- CHF leads, GBP lags for the day
- European equities down; S&P 500 futures down 0.6%
- US 10-year rates down 2 basis points to 3.943%
- Gold down 0.4% to $1,622.27
- WTI crude up 0.3% at $78.75
- Bitcoin down 0.8% to $18,911
It’s a crazy time in the markets when you see that a central bank has to intervene in a big way because of its own government’s policy and not an external shock. Yet this is the case in the UK, as the Bank of England was forced to reinitiate QE in its £2 trillion gilt market, in order to restore functioning and orderly market conditions.
UK gilt yields reacted accordingly, falling sharply with 10-year yields down 30bps on the day to 4.20%, with the low hitting 4.01% earlier after the announcement. However, the pound came off after an initial boost that took Cable to a high of 1.0838 and is now down 1.4% at 1.0580 at the time of writing.
The BOE’s announcement provided brief relief for risky trades as US futures pared down about 1% before now falling back heading into North American trading.
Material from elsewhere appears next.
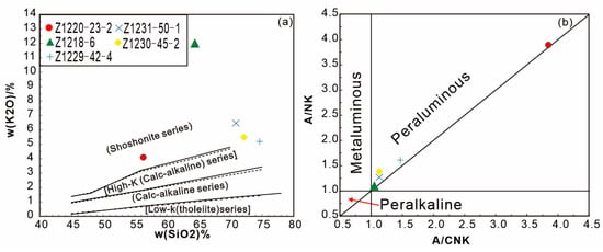 K2O-SiO2 ((a) solid line after Peccerillo and Taylor, 1976 [59]; dashed line after Middlemost, 1985 [60]) and A/CNK-A/NK ((b), A/NK = Al2O3/(Na2O + K2O), A/CNK = Al2O3/(CaO + Na2O + K2O) after Maniar and Piccoli, 1989 [61]) plots for pegmatites from Larsemann Hills.

In the major currency space, it is still the dollar as the greenback continues its wild run across the board.
EUR/USD is down 0.3% at 0.9555 as downside pressure persists while USD/JPY is steady around the 144.60-70 levels as buyers remain cautiously poised to try to retest 145.00 amid intervention fears.
Commodity currencies remain on the back with USD/CAD up 0.3% at 1.3770 after previous highs of 1.3832. Meanwhile, the aussie continues its journey to recover its Pacific Peso headline with another 0.6% drop to 0.6395 – but also off its previous low of 0.6365.
The UK circus may steal the show in the markets, but let’s not get too distracted because the buy the dollar, sell everything else the narrative is always the main narrative.